Murky Depths #8
Edited by Terry Martin
Cover Artist: James Johnson
Review by Sam Tomaino
Murky Depths ISBN/ITEM#: 1752-5586
Date: 20 May 2009
Links: Murky Depths / Pub Info / Table of Contents /
There is no other magazine like Murky Depths, The Quarterly Anthology of Graphically Dark Speculative Fiction, and issue #8 is another great read.
The fiction in the issue begins with "Peachy" by David Tallerman. In this one pager, Peachy is the cat of our unnamed narrator and the cat seems in a strange mood. Why that's the case becomes clear at the end of this perfect little story. That's followed by a graphic piece "The Wrath of God – Part 1" which I'll review when it's complete.
Sam J. Drane's "What the Tongue Will Taste" is about a guy who would have to be described as a sex addict. He's had it with everyone and now he wants something I'll describe as "the greatest love of all". He finds a way for this to be accomplished but things turn out different from what he expects. This was pretty nasty but also pretty effective.
Geoffrey Girard's "Collecting James" starts with two men, James and Zimmerman. Zimmerman is showing James his very special collection, chips taken out of people's skulls that resonate with their special talents. As the story progresses, we learn about James's "hobby". This one was a well-written little chiller.
The graphic tale "Hero in Hell" by James Johnson starts with the death of a super-hero and continues in a locality that the hero does not expect. This was a nice little look at heroes and what makes them.
J Westlake's "Out of Time" features an event that we might have seen before. Marcus is caught in a world in which time stands still. Everyone and everything is frozen like a statue. What's different here is that Westlake takes the story further and we get a look at what it would be like to live in such a world for a long time. Westlake does a good job with this one.
The title "My Muse Wears Army Boots" in the story by Christine Luca really tells us quite a bit.
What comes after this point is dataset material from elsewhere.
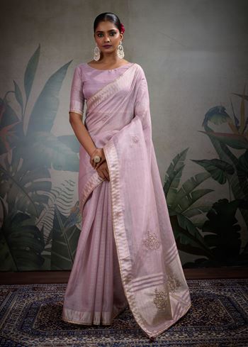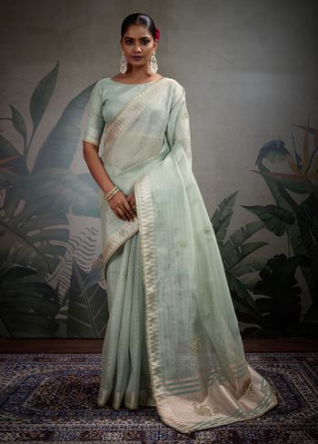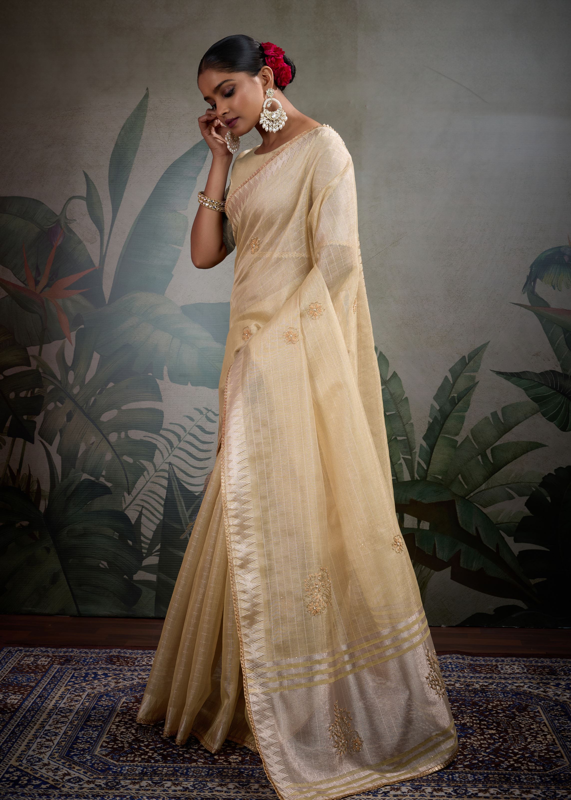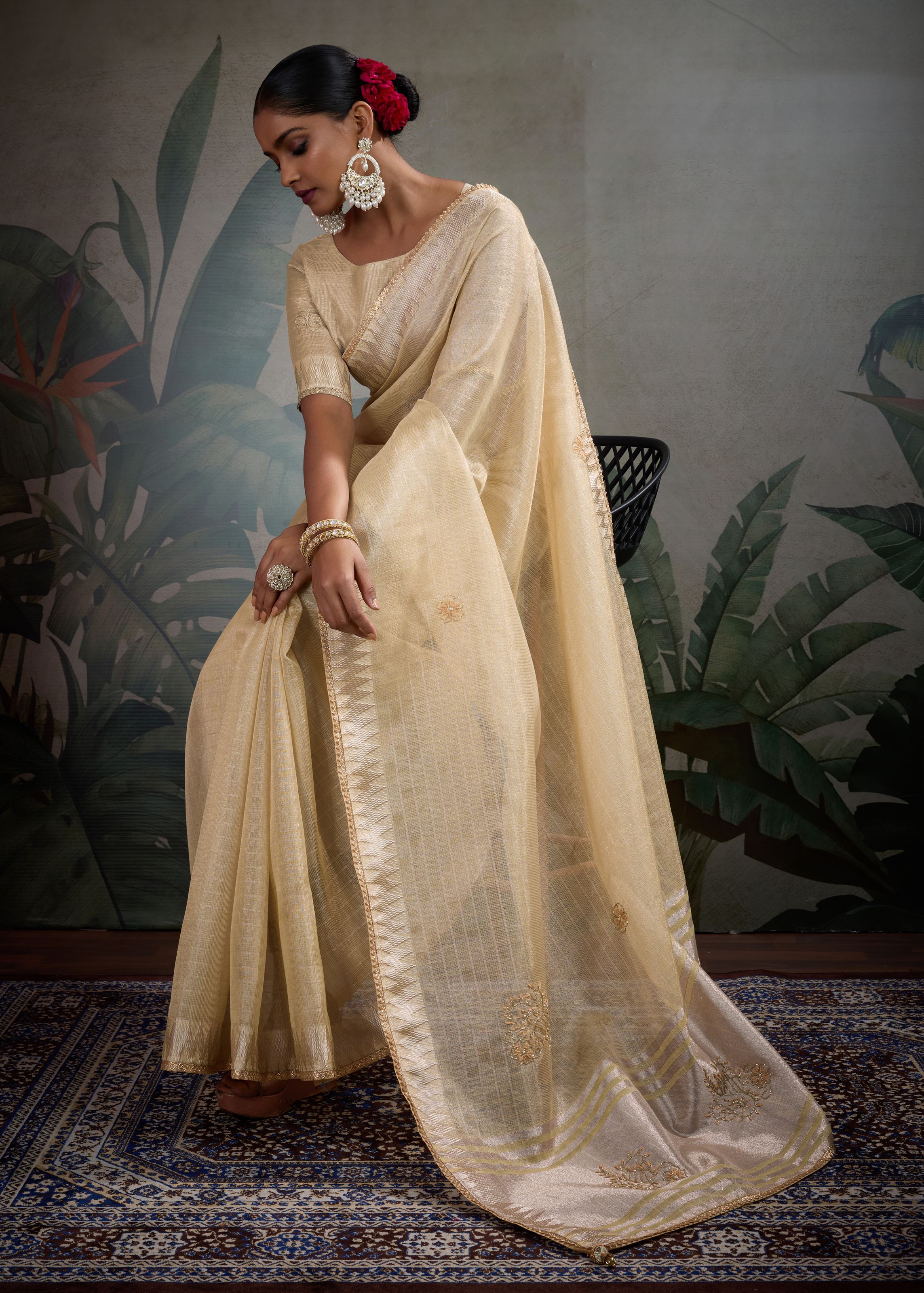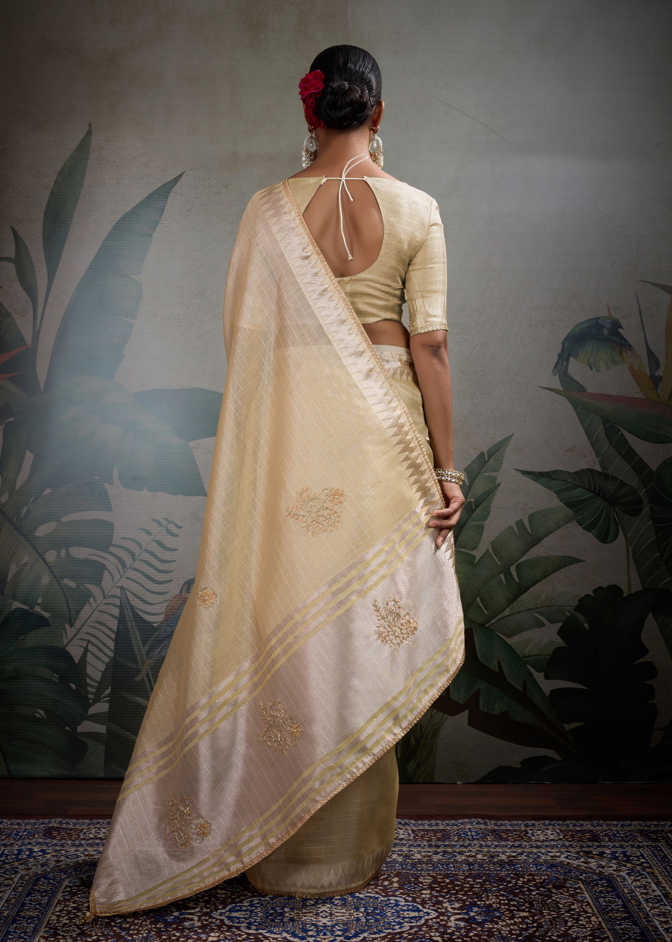 Adorned with delicate handwork featuring butta motifs, this piece is intricately embellished using zardosi, cutdana, pearl, and fine thread work. The artistry on display elevates this beige drape from simple to stunning, offering just the right amount of elegance for women who favor subtle luxury. Paired with a matching beige linen tissue blouse, the ensemble creates a seamless and polished look, ideal for making a statement without being loud.

Jeff Billings has a special talent. He can communicate with the recently deceased. He works as a hospital orderly and has the job of taking the dead to the morgue. They tell them the stories of their lives but he lacks the ability to profit from this. He's a wannabe writer but can't translate what he knows into fiction. When he helps a great writer through his last days, he does not get any writer's secrets, but he does acquire something else. This was a good example of "be careful what you wish for".
"Recall" by Chris Huff is another graphic piece which is an effective little look at the issues involved in extending life.
Lawrence Buentello contributes a good little piece about J.T. Evans who suddenly discovers his special power. He can bring the dead back to life. He has been mourning his dead wife for five years. Can he do something for her? This one takes a nice little nasty turn at the end.
Jo is a new mother in Richard Rippon's "Monitor" but she hears strange words coming out of her baby's monitor. Is he calling her nasty names? Just when you think this is going in a certain direction, Rippon surprises us in this little chiller.
There's one last regular story in "Nosing With the Four-Stroke Kid" by Kevin Brown. This is another nice little one-pager which starts with a young man admiring a real cool motorcycle. Its female rider is annoyed at first but he charms her into letting him get on it. Once more we get a real killer ending.
The issue ends with another graphic story in "The Pilgrimage" by Christopher Baker. Zenith is on a special pilgrimage, one in which her friend Zenith gives his life. Baker surprises us with an end we do not expect in another effective story.